*Problem requirements:* Everything in the entries except the pictures should be copied exactly.

*Exercise inputs:*
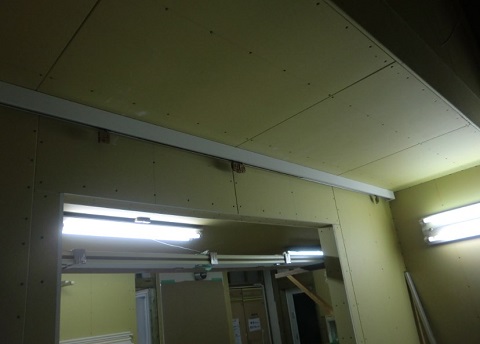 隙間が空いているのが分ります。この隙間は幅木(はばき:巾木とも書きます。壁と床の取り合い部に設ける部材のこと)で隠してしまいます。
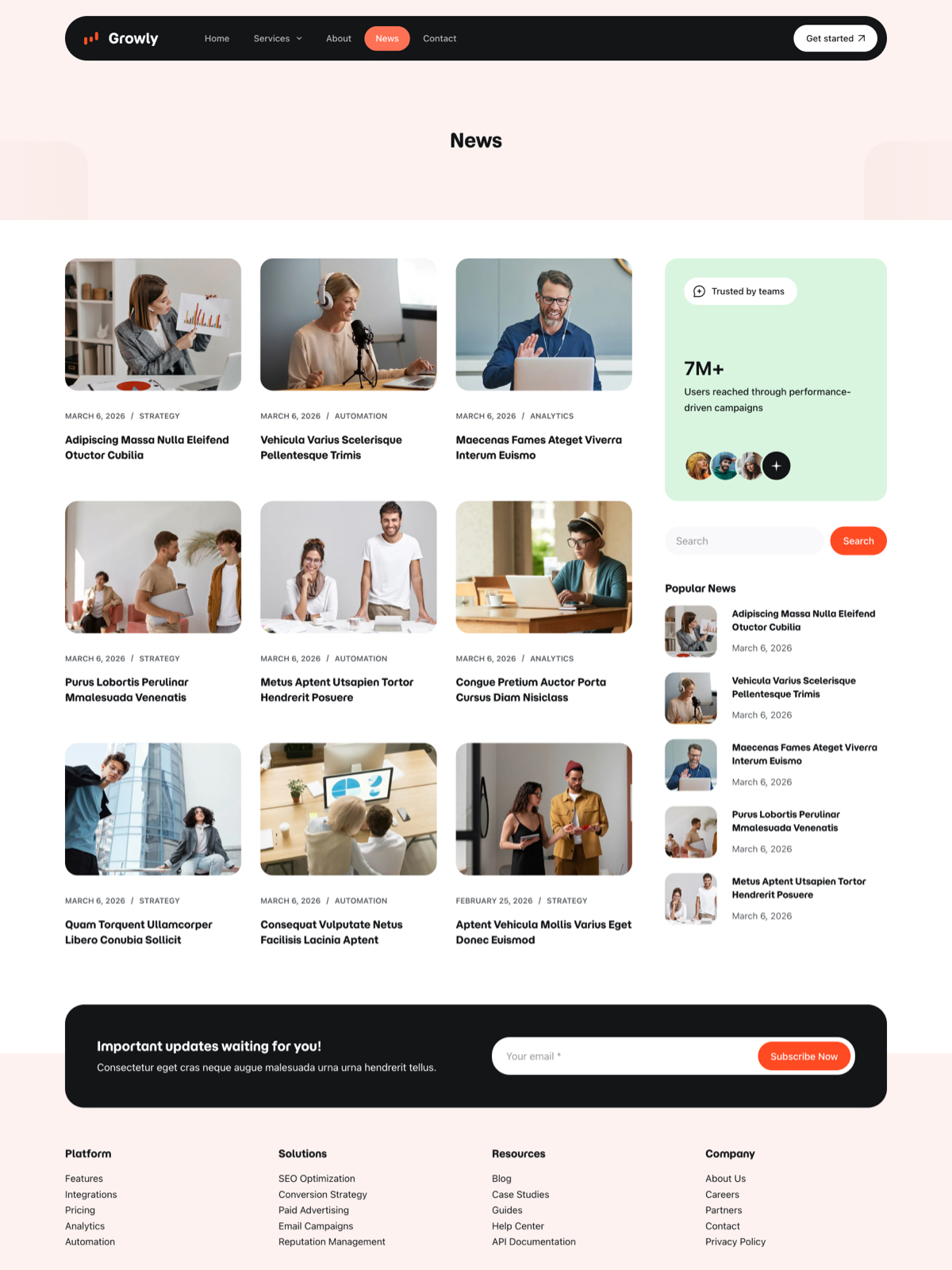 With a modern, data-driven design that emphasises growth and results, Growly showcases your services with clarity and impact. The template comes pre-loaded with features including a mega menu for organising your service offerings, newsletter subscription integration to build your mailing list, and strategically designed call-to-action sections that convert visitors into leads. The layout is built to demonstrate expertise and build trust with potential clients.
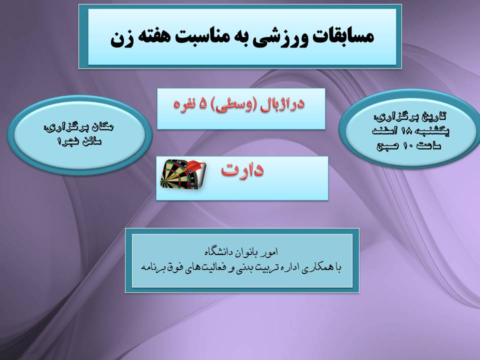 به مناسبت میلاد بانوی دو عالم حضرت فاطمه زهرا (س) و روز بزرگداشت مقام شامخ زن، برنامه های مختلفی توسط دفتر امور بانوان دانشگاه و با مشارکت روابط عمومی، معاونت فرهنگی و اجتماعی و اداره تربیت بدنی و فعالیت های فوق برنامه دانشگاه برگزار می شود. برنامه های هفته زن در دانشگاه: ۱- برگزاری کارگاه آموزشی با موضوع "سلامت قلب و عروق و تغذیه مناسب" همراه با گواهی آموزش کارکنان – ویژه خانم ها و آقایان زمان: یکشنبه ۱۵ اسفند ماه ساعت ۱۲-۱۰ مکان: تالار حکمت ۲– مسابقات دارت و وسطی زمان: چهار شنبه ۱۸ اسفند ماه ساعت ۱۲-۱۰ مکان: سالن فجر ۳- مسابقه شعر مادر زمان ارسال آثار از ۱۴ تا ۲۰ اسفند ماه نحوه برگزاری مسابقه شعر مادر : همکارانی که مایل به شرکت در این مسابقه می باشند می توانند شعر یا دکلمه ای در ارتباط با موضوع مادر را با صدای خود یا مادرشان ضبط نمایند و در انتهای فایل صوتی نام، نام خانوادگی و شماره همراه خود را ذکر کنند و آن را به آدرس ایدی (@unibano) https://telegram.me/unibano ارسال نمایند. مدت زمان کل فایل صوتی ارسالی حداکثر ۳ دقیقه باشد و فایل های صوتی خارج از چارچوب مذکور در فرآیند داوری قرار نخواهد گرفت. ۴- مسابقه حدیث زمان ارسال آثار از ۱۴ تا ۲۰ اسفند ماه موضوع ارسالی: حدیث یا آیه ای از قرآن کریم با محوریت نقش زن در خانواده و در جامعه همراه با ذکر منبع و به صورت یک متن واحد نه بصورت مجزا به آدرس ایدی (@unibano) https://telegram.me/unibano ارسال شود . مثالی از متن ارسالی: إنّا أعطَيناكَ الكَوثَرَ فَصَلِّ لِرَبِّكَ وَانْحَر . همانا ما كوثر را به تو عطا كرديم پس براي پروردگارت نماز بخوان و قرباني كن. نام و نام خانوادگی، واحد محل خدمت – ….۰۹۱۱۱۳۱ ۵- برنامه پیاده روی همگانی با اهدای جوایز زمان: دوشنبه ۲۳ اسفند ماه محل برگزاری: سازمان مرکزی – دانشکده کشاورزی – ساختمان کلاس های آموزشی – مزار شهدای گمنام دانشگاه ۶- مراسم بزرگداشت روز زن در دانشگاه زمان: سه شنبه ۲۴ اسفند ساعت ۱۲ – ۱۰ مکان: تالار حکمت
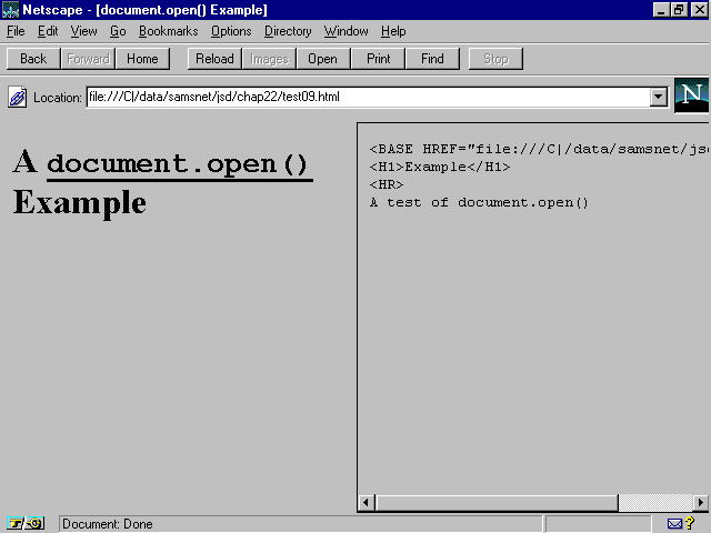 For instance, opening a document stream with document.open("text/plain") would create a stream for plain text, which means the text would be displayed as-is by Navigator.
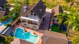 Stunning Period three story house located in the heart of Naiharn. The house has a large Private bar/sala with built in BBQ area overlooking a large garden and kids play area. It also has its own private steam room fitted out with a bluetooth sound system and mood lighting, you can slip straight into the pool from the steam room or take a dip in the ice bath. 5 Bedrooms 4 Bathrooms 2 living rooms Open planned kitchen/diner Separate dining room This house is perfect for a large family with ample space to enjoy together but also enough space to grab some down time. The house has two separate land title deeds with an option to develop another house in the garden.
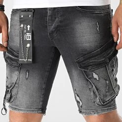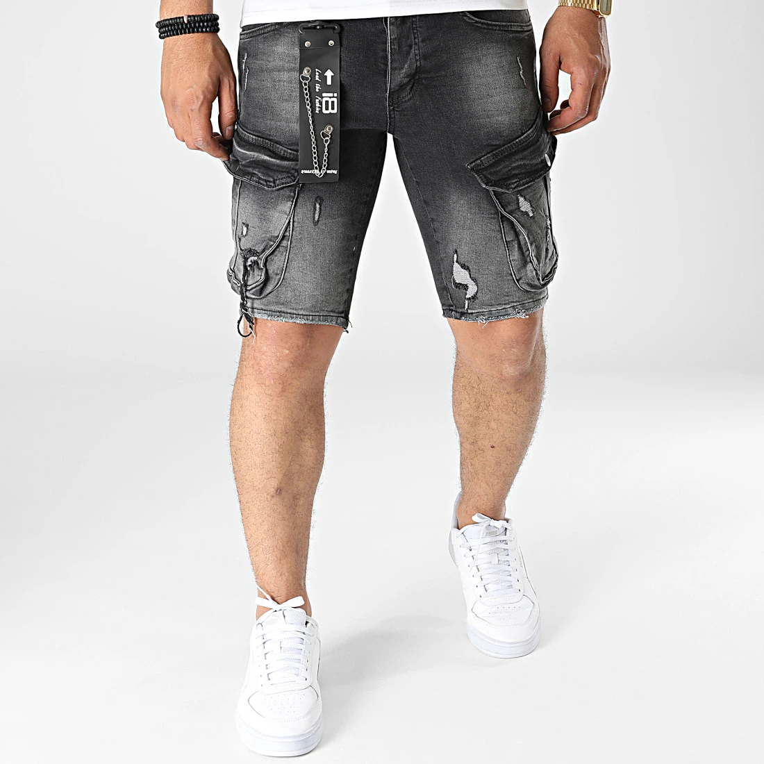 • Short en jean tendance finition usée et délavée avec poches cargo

*Written solution:*
 隙間が空いているのが分ります。この隙間は幅木(はばき:巾木とも書きます。壁と床の取り合い部に設ける部材のこと)で隠してしまいます。
 With a modern, data-driven design that emphasises growth and results, Growly showcases your services with clarity and impact. The template comes pre-loaded with features including a mega menu for organising your service offerings, newsletter subscription integration to build your mailing list, and strategically designed call-to-action sections that convert visitors into leads. The layout is built to demonstrate expertise and build trust with potential clients.
 به مناسبت میلاد بانوی دو عالم حضرت فاطمه زهرا (س) و روز بزرگداشت مقام شامخ زن، برنامه های مختلفی توسط دفتر امور بانوان دانشگاه و با مشارکت روابط عمومی، معاونت فرهنگی و اجتماعی و اداره تربیت بدنی و فعالیت های فوق برنامه دانشگاه برگزار می شود. برنامه های هفته زن در دانشگاه: ۱- برگزاری کارگاه آموزشی با موضوع "سلامت قلب و عروق و تغذیه مناسب" همراه با گواهی آموزش کارکنان – ویژه خانم ها و آقایان زمان: یکشنبه ۱۵ اسفند ماه ساعت ۱۲-۱۰ مکان: تالار حکمت ۲– مسابقات دارت و وسطی زمان: چهار شنبه ۱۸ اسفند ماه ساعت ۱۲-۱۰ مکان: سالن فجر ۳- مسابقه شعر مادر زمان ارسال آثار از ۱۴ تا ۲۰ اسفند ماه نحوه برگزاری مسابقه شعر مادر : همکارانی که مایل به شرکت در این مسابقه می باشند می توانند شعر یا دکلمه ای در ارتباط با موضوع مادر را با صدای خود یا مادرشان ضبط نمایند و در انتهای فایل صوتی نام، نام خانوادگی و شماره همراه خود را ذکر کنند و آن را به آدرس ایدی (@unibano) https://telegram.me/unibano ارسال نمایند. مدت زمان کل فایل صوتی ارسالی حداکثر ۳ دقیقه باشد و فایل های صوتی خارج از چارچوب مذکور در فرآیند داوری قرار نخواهد گرفت. ۴- مسابقه حدیث زمان ارسال آثار از ۱۴ تا ۲۰ اسفند ماه موضوع ارسالی: حدیث یا آیه ای از قرآن کریم با محوریت نقش زن در خانواده و در جامعه همراه با ذکر منبع و به صورت یک متن واحد نه بصورت مجزا به آدرس ایدی (@unibano) https://telegram.me/unibano ارسال شود . مثالی از متن ارسالی: إنّا أعطَيناكَ الكَوثَرَ فَصَلِّ لِرَبِّكَ وَانْحَر . همانا ما كوثر را به تو عطا كرديم پس براي پروردگارت نماز بخوان و قرباني كن. نام و نام خانوادگی، واحد محل خدمت – ….۰۹۱۱۱۳۱ ۵- برنامه پیاده روی همگانی با اهدای جوایز زمان: دوشنبه ۲۳ اسفند ماه محل برگزاری: سازمان مرکزی – دانشکده کشاورزی – ساختمان کلاس های آموزشی – مزار شهدای گمنام دانشگاه ۶- مراسم بزرگداشت روز زن در دانشگاه زمان: سه شنبه ۲۴ اسفند ساعت ۱۲ – ۱۰ مکان: تالار حکمت
 For instance, opening a document stream with document.open("text/plain") would create a stream for plain text, which means the text would be displayed as-is by Navigator.
 Stunning Period three story house located in the heart of Naiharn. The house has a large Private bar/sala with built in BBQ area overlooking a large garden and kids play area. It also has its own private steam room fitted out with a bluetooth sound system and mood lighting, you can slip straight into the pool from the steam room or take a dip in the ice bath. 5 Bedrooms 4 Bathrooms 2 living rooms Open planned kitchen/diner Separate dining room This house is perfect for a large family with ample space to enjoy together but also enough space to grab some down time. The house has two separate land title deeds with an option to develop another house in the garden.
 • Short en jean tendance finition usée et délavée avec poches cargo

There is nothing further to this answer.